“Celebrating” Australia Day – book giveaways and reflections

2016australiaday-bloghopAustralia Day always brings mixed feelings for me. Many of my friends prefer to think of it as “Invasion Day”. Some demand we change our national day to a date less reminiscent of our tragic treatment of our Indigenous peoples and their long history of suffering and mourning.

At the same time, I remember many happy times in childhood, enjoying the sun, surf and swimming, watching ferries on Sydney harbour and planes fly by overhead, days brought to a dramatic end with a display of fireworks. On those days, I seemed surrounded by people celebrating this beautiful country of ours, a country where so many of us are free because of the trek our ancestors made across the oceans, uncertain of their future, hoping to find a place where they could live side-by-side with others of different languages, faiths and ethnicities.

That’s the kind of Australia Day I would like to celebrate: one that recognises, with humility, that our right to call this land home is tentative; we are at home only because of the generosity and – at many times forced – hospitality of others whose home this has been for countless generations over many, many thousands of years.

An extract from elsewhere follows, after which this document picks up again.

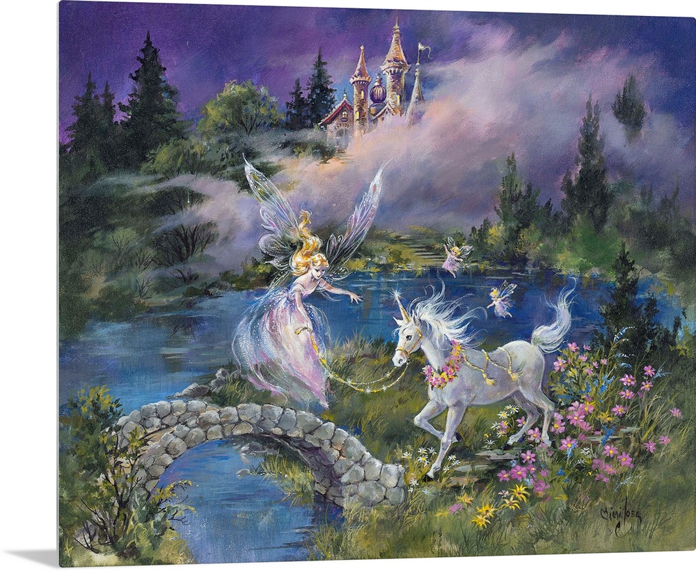 <p>Whimsical contemporary fantasy artwork of fairies and unicorns in an enchanted garden.</p>

So I say thank you to our Indigenous brothers and sisters, and hope that the suffering that this day causes you – and the causes of that suffering – may soon cease.

Now to the giveaways.

As part of Shelleyrae at Book’d Out’s Australia Day Giveaway blog hop, I’m offering two giveaways. On my Lizzy Chandler blog, I’m giving away copies of my ebooks to three lucky winners, their choice of either Snowy River Man or By Her Side. On the Australian Women Writers Challenge blog, I’m giving away a copy of Snowy River Man, plus ebook copies of the latest novels of my critique partners, D B Tait, Kandy Shepherd and Cathleen Ross.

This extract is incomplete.